Frowning deeply as I glared at the ceiling, I wrung my fingers high above my head while unfamiliar gloved hands prodded my abdomen.

“So, I’m going to take some blood just to be safe, so you can sit up, now, Katie.” Sitting up easily, I pulled down my shirt, and the female doctor patted my knee with a reassuring smile. “You’re not in danger of dying or anything. You have no fluid buildup or esophageal issues which could cause spontaneous vomiting. Hold out your arm for me, please.”

“How do you know it’s not a problem with, like, my intestines or something?” The doctor’s smile only widened, and she shook her head as she examined my arm.

“If it were intestinal, you wouldn’t be throwing up. You’d be in intense pain and have severe diarrhea. Thankfully for you, I had time to read over your medical files before you arrived, so I’m confident that whatever is wrong with you isn’t terminal. Most likely, the smell of raw ground beef just upset your stomach. Red meat has a lot more bacterial waste, which produces the distinct smell, and chicken has a relatively low chemical byproduct rate.”

“Oh... what does that even mean?” My dumb question filled my cheeks with heat, and I stared hard at my knees as she huffed a small laugh.

“Red meat smells more strongly than chicken. You’re going to feel a little pinch. I’ll send this downstairs, and you should have the results in less than an hour.” Surprise jerked my head up, and I winced when she slid the needle into my skin. Sucking in a sharp breath, I tore my gaze off it as wooziness invaded my skull, and Brandon spoke up for the first time. His worry was evident all over the place, but he managed to keep his voice stable. I knew he must’ve been thinking all sorts of crazy things, though.

“Another perk of having money... you don’t have to wait a week for results.” Casting him a weak smile, I only nodded, and Brandon sat on the edge of the bed to grab my hand and hold tight. “If Julia is confident you’re okay, then it’ll be fine. She’s a great doctor.”

“And you’re a great patient, Brandon. I’ll go get this downstairs, and I’ll be in when the results are ready.” And just like that, the doctor was gone in a whirl of her white coat, and I heaved a huge breath. Slumping against Brandon, I closed my eyes as my own terrible fears floated up from the bowels of my mind.

“This sucks. I hope it can be fixed with, like, antibiotics or something. I hope they take my insurance.” Stroking my hair, Brandon kissed my crown at my mumble as he wrapped his free arm securely around me. “Maybe I was so mad at Mason that the smell made me throw up.”

Thinking of that call less than an hour ago still boiled my blood, and I exhaled harshly through my nose. Mason was slurring, screaming at me, asking how could I actually sleep with Brandon? I was supposed to want to wait for marriage but never go through with it.

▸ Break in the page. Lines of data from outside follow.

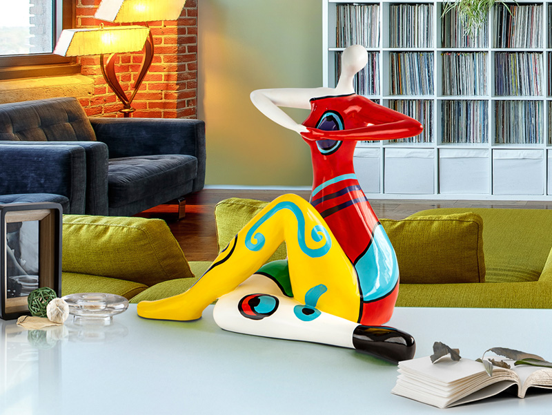 Femme- figurine moyenne décorée Dimensions : l 32 x h 51 x p 58 cm Figurine de femme, de taille moyenne, en résine. Décoration POP. Matériau: Resin Finition: Colour paints figure décorative
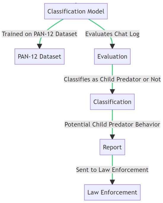 - Step 5: Chat Logs Sent to the Classification Model. Upon concluding the conversation, chat logs are analyzed by an ML classification model. This model scrutinizes the dialogue for specific linguistic and behavioral indicators of predatory intent, such as grooming techniques or attempts to elicit personal information. The model’s training emphasizes the identification of nuanced predatory patterns, balancing sensitivity to predatory cues with the necessity to minimize false positives, thereby ensuring ethical considerations regarding privacy and accuracy are upheld.
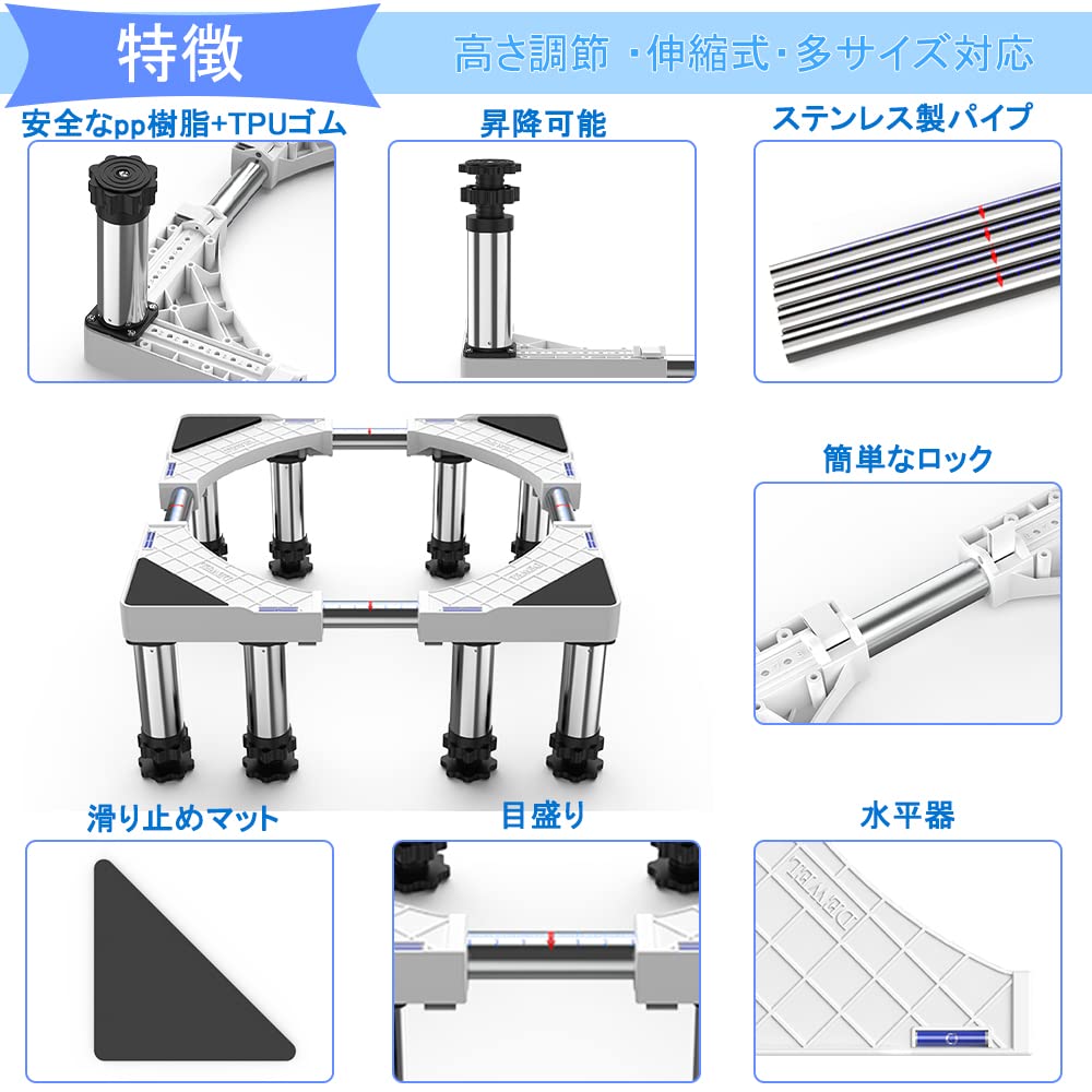 商品情報高さ調節・改良版より高くなった洗濯機置き台の最新設計が登場☆彡 素材改良:PP製→PP+ステンレスのジャッキ 増高:18-22cm高さ調節 ジャッキ8本あり:直径5.5cmのジャッキと500kgまで達した耐荷重、安定性がより一層アップされました!より多くの家電製品が対応できます! 安定強化:目盛り付きの円形ステンレス鋼管が4本あります。また、厚いパネル+水平器付き❇洗濯機台に乗せれば掃除が楽になります。伸縮式・多サイズ対応幅/奥行き:45~70cm伸縮可能 高さ:18cm-22cm ★ 縦型・ドラム式洗濯機、冷蔵庫などに対応しています。耐荷重:約500kg耐荷重500kg・減音防振全部素材が耐水耐食材質なので、水回りでの使用も錆びの懸念は要りません。専用三角の防振パッド(EVAとPP素材)ジャッキ底のゴム製マット ❇専用防振EVAパッドを家電の下に置くと、洗濯機の異音と振動が吸収できます。品質素材なので、キズ・色移りの心配も要りません。縦型・ドラム式洗濯機両対応、耐荷重内のその他家電や家具にもお使い頂けます。品質素材・大型家電のパートナーDEWEL洗濯機台が家電の騒音振動、錆び腐食、電気漏れ、排水不便、床のキズ・色移りなどのお悩みを解決します。本製品は高品質なステンレス鋼とABS樹脂を採用しました。円形ステンレス鋼のパイプは4本あり、安定性や耐腐食性も抜群です。洗濯機 台 DEWEL 8足円形鋼管4本式 冷蔵庫 置き台 昇降可能 奥行/幅:45〜70cm 高度調節18~22cm 耐荷重:500kg ジャッキ付き 防振 冷蔵庫 台 異音振動軽減 防振パッド 水準器付き 日本語取扱説明書付き 3年保証 洗濯機をかさ上げる 専用置台 防振減音機能もバツグン 耐荷重500KG 高さ調節 防振 防滑 床保護…機能が多い! 従来版の洗濯機置き台を改良した最新設計。●素材改良:PP製→PP+ステンレスのジャッキ ●増高:18-22cm高さ調節●ジャッキ8本あり:直径5.5cmのジャッキと500kgまで達した耐荷重、安定性がより一層アップされました!より多くの家電製品が対応できます! ●安定強化:目盛り付きの円形ステンレス鋼管が4本あります。また、厚いパネル+水平器付き❇洗濯機台に乗せれば掃除が楽になります。 ネジ締め作業不要&30秒で組立できる 排水加速&振動や異音を吸収できる 最大500KG対応&耐水耐食&家電寿命をのばす 家電を移動したく下のスペースを掃除したい 洗濯機作動時ガタガタする異音が大きい 家電を湿気から守り、長持ちさせたい いつもご愛顧いただき、ありがとうございます。この製品は2021最新版・洗濯機/冷蔵庫用専用置台です。高度を調節可能、伸縮タイプなので、ほとんどの家電が対応可能。ぜひお勧めしたいです。 1
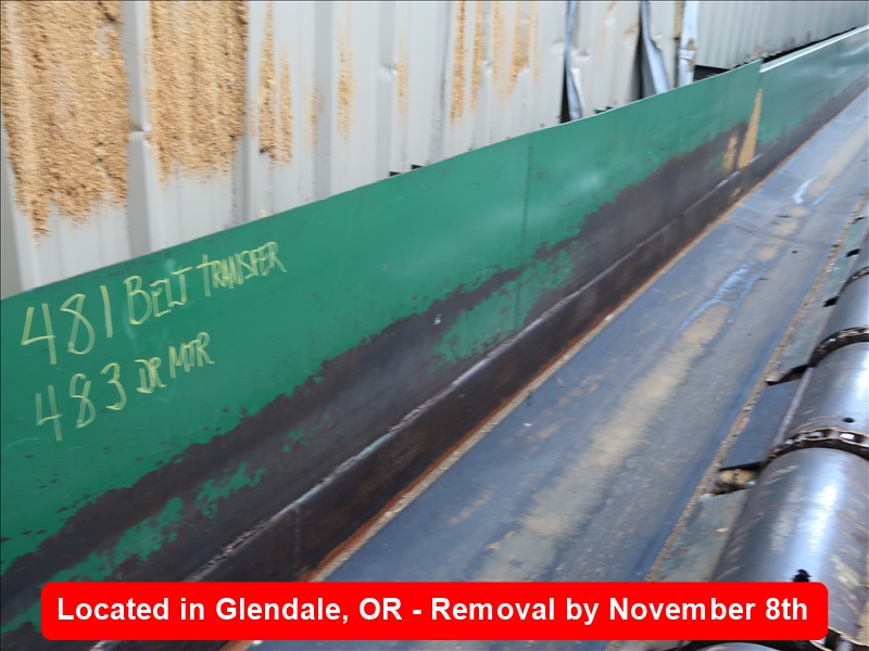 24" X APPROX 56' BELT TRANSFER BETWEEN BUILDINGS TO GANG EDGER, H&T DRUMS, STEEL TROUGH
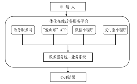 注:再造后,群眾辦理不同事項(xiàng),通過(guò)一體化在線(xiàn)政務(wù)服務(wù)平臺(tái)申辦,辦事入口、結(jié)果反饋出口集中統(tǒng)一。
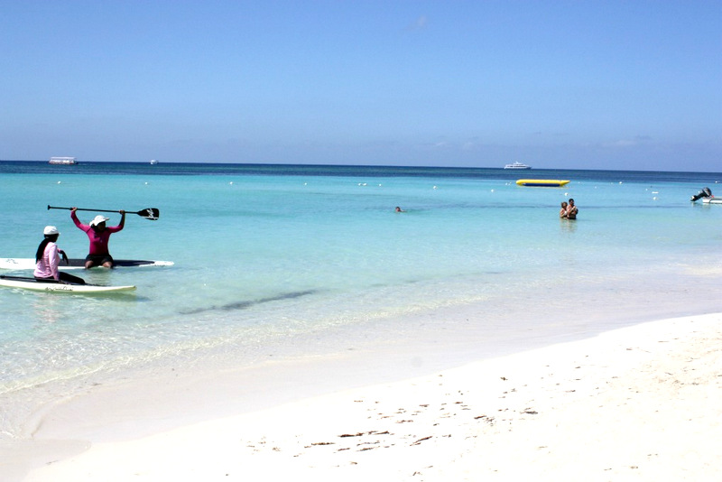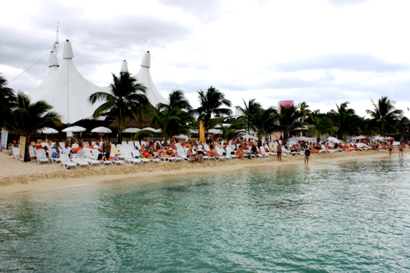 Appena scesi dalla nave ci offrono svariate escursioni, bagno con i delfini, le razze, immersioni, snorkeling, noi decidiamo di visitare una delle spiagge e ci portiamo verso il parcheggio dei taxi. Arrivati al parcheggio c’è un tabellone con la lista delle spiagge e i rispettivi prezzi per raggiungerle, optiamo per Playa Mia, dopo dieci minuti di taxi la raggiungiamo. La spiaggia è a pagamento, con la scelta di vari pacchetti comprendenti pasti, drink e attrazioni varie, vi consiglio il piatto messicano, sperando che almeno voi mi sappiate dire cosa ho mangiato, comunque non era male.

I was supposed to give Brandon a pill somehow that would induce a heart attack, just as I’d done before.

But the difference was that Brandon wasn’t guilty of ruining my life, and I wasn’t going to kill him. Loving him aside, I couldn’t live with myself if I killed someone who didn’t deserve it. Those bastards whom I had gotten rid of were abusers, rapists, and womanizers. Mason was going to try to go after an innocent man, not because of any other reason than that we’d had sex. He was so angry on the phone that, alcohol aside, he could barely talk, and he was going to ‘finish this hit himself.’